This lesson covers the full lifecycle: schema design principles, structured output via response_format, output parsing, and validation loops that teach the model to self-correct.

2. The Anatomy of a Tool Definition

A tool definition has three moving parts: name, description, and parameters (a JSON Schema object). Each part does different work.

{
  "name": "search_orders",
  "description": "Look up orders for a customer by their email address. Use this when the user asks about order status, past purchases, or shipping. Do NOT use for product availability queries.",
  "parameters": {
    "type": "object",
    "properties": {
      "customer_email": {
        "type": "string",
        "description": "The customer's email address, exactly as provided by the user."
      },
      "status_filter": {
        "type": "string",
        "enum": ["all", "pending", "shipped", "delivered", "cancelled"],
        "description": "Filter results to a specific order status.

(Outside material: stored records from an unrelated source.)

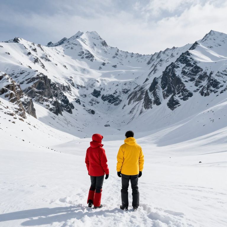 Two individuals dressed in vibrant red and yellow winter jackets stand amidst a vast expanse of snow, framed by towering snow-covered mountains and a serene alpine landscape in Marain Skmlia.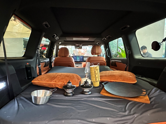 作为户外露营家庭车,极石01分为6座版和7座版,均为三排布局。它还拥有两处外放电接口,两处外放电最大功率可达2.2*2=4.4kw。
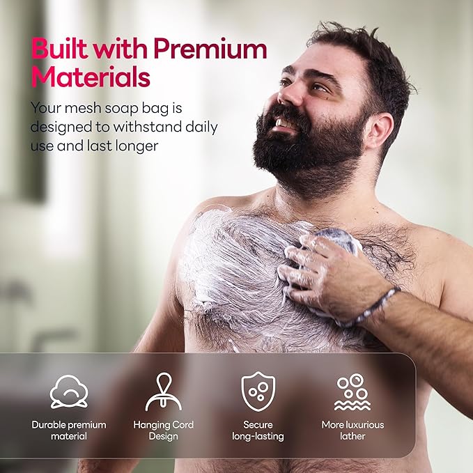 - [RICH LATHER] Our soap pouch for shower stands out with its robust structure, creating a rich lather quickly and enhancing your bathing exfoliation. The soap bag also maximizes soap efficiency, saving up to 10-20% of the soap bar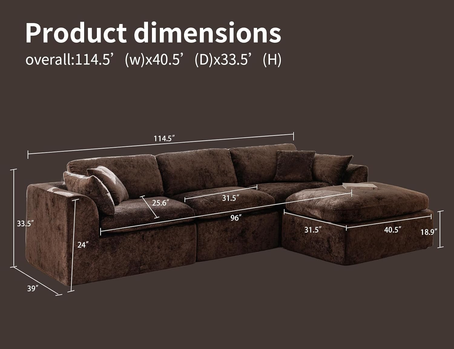 The 115″ Modular Sectional Sofa redefines modern living with its cloud-inspired design and deep, inviting comfort. This L-shaped sectional couch combines a spacious 3-seater configuration with a matching ottoman, creating an ideal relaxation zone for your living room. Engineered with high-resilience foam and soft, plush filling, every seat delivers a supportive yet luxurious sitting experience—perfect for unwinding after a long day or hosting guests in style. With no assembly required, this modular sofa arrives fully assembled and ready to use, offering effortless elegance and convenience from the moment it’s delivered.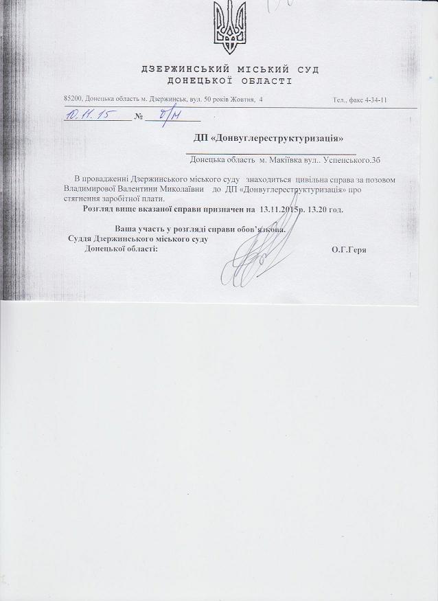 Виклик до суду ДП "Донвуглереструктирізація" за позовом Владимирової В.М.

Use 'all' when the user hasn't specified."
      }
    },
    "required": ["customer_email"]
  }
}
  • name — The model sees this as the primary signal for routing. Use snake_case verbs: get_, search_, create_, update_.
  • description — Explains intent AND scope. Include negative examples (Do NOT use for...) to prevent misrouting.
  • parameters.description — Tells the model how to populate each argument from the conversation.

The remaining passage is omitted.